Good insights into the mind of a creative master; somewhat marred by its apparent aim to proselytize Transcendental Meditation
There are some remarkable insights to be gleaned from this short treatise on the process of creation, by one of our most creative and challenging filmmakers. It is very well written, in a simple and economical style that manages to deliver much more of interest than many much larger volumes on the subject of creation. The book consists of a series of apparently disconnected (but in fact well ordered) reflections on his own life, his work as a filmmaker, his practice as a meditator, and on the larger themes of creation and of human motivation and of relation between the conscious and unconscious mind and the role of art in revealing truth. Lynch is also careful not to limit the applicability of the ideas he develops to his own field of filmmaking, but (humbly) suggests ways in which the same insights can apply to other art forms, to business, to dealings with other people, and to life in general. The central metaphor of the book, suggested by the title, is that to catch the really big fish (i.e. to discover a profound truth, create a beautiful work of art, or develop a novel and powerful new way of doing things) one must swim in the depths (i.e. find some regular and continued practice, such as meditation, whereby your mind is opened up beyond its subjective limitations, a practice that encourages thinking to transcend its dependence on the narrow perspective of common sense and prejudice we inherit). He indicates a number of ways in which he has been able to do this in his own life, primarily through meditational practice. It is a quick read, but is the kind of book that would could be browsed repeatedly, with the reward of renewed insight.

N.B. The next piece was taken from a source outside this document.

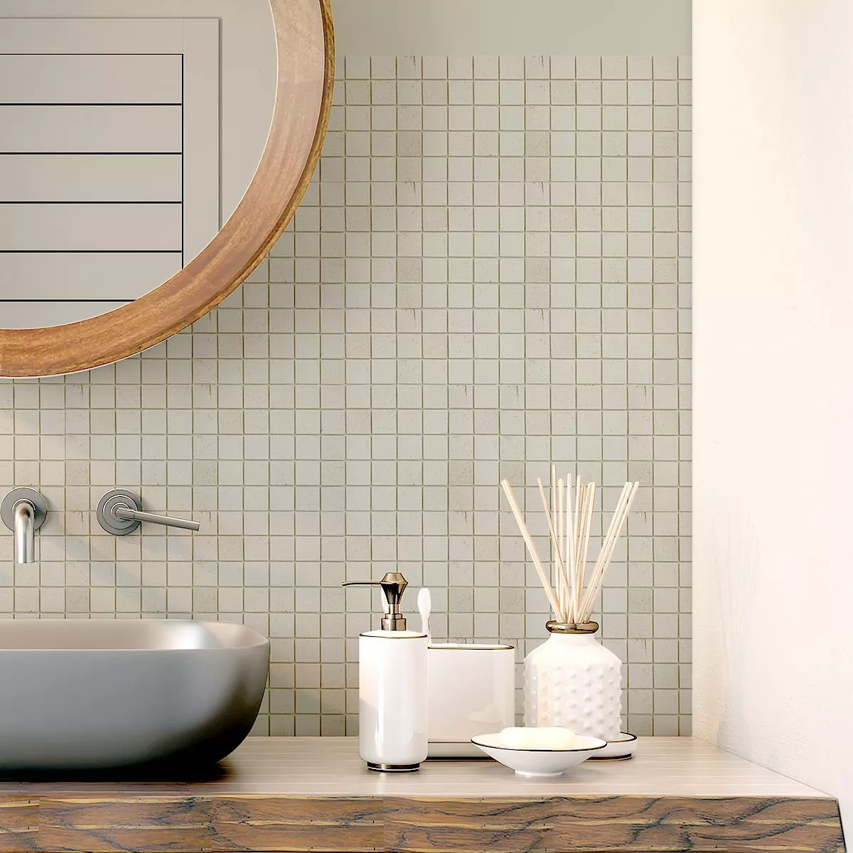 Κάθε πλακίδιο και κάθε ψηφίδα έχει διαφορετικές απαιτήσεις για κοπή, τοποθέτηση και επεξεργασία λόγω των ιδιοτήτων του υλικού και των συνθηκών χρήσης. Παρακαλούμε ρωτήστε έναν τοπικό ειδικό για τη σωστή και ασφαλή τοποθέτηση των ψηφίδων ή πλακιδίων σας. Δεν φέρουμε ευθύνη για μη επαγγελματική χρήση και κακή εκτέλεση των κατασκευαστικών υλικών.

What keeps the book from its potential of being a minor short classic on the creative process is its apparent attempt to proselytize on behalf of Transcendental Meditation. Despite their own claims to being superior to other meditational practices, Transcendental Meditation (as far as I can tell) offers nothing that can't be found in a variety of other approaches that don't carry the same kind of intellectual baggage as the TM organization, don't require you to spend several hundred dollars to be trained in, or to be given an "exclusive" and "personalized" mantra. It is wonderful that Lynch's discovery of meditation in this form has facilitated his own creative process and personal contentment, and I don't begrudge his allegiance to the approach that he learned -- but it is clear that at some level this book was written as a kind of testimony to the special benefits of an approach to meditation that has taken truths handed down through centuries as an intellectual inheritance and made them into the for-profit product of a large and fairly powerful quasi-religious organization. That emphasis dimmed my enthusiasm for what is otherwise a remarkable little volume. Having said that, the book is in no way a piece of propoganda -- it merely makes appreciative reference to TM in several places, in addition to "advertising" his own foundation for the teaching of TM meditation. The book remains well worth reading, especially for fans of Lynch's work -- but I believe a slightly more general emphasis on the power of meditation and a description of the methods he finds worthwhile (without reference to a specific organization that teaches these methods and claims falsely to offer benefits found nowhere else) would have given this work something of the more timeless and abstract appeal of his films. To use the metaphor from the title, I think this could have been a bigger fish.